• **THE TASK**:
Each line containing the word "with" must be copied from the material below.

* * *

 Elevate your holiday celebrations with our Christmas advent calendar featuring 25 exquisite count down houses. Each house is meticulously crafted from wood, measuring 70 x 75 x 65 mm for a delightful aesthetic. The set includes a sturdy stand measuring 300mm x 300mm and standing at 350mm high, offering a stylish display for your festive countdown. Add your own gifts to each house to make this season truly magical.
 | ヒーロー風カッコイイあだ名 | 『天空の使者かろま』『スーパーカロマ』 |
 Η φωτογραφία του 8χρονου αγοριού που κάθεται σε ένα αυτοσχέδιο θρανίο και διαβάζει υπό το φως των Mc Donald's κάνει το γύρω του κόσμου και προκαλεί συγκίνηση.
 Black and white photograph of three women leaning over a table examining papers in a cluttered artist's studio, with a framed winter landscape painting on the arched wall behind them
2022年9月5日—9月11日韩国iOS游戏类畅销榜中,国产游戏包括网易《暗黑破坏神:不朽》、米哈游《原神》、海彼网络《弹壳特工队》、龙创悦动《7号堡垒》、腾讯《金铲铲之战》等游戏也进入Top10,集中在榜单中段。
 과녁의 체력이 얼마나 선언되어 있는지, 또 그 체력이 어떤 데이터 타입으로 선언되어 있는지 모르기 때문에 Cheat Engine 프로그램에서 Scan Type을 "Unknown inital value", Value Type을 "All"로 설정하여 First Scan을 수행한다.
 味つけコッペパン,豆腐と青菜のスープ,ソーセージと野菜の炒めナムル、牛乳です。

* * *

• **SOLUTION TO THIS EXERCISE**:
 Elevate your holiday celebrations with our Christmas advent calendar featuring 25 exquisite count down houses. Each house is meticulously crafted from wood, measuring 70 x 75 x 65 mm for a delightful aesthetic. The set includes a sturdy stand measuring 300mm x 300mm and standing at 350mm high, offering a stylish display for your festive countdown. Add your own gifts to each house to make this season truly magical.
 Black and white photograph of three women leaning over a table examining papers in a cluttered artist's studio, with a framed winter landscape painting on the arched wall behind them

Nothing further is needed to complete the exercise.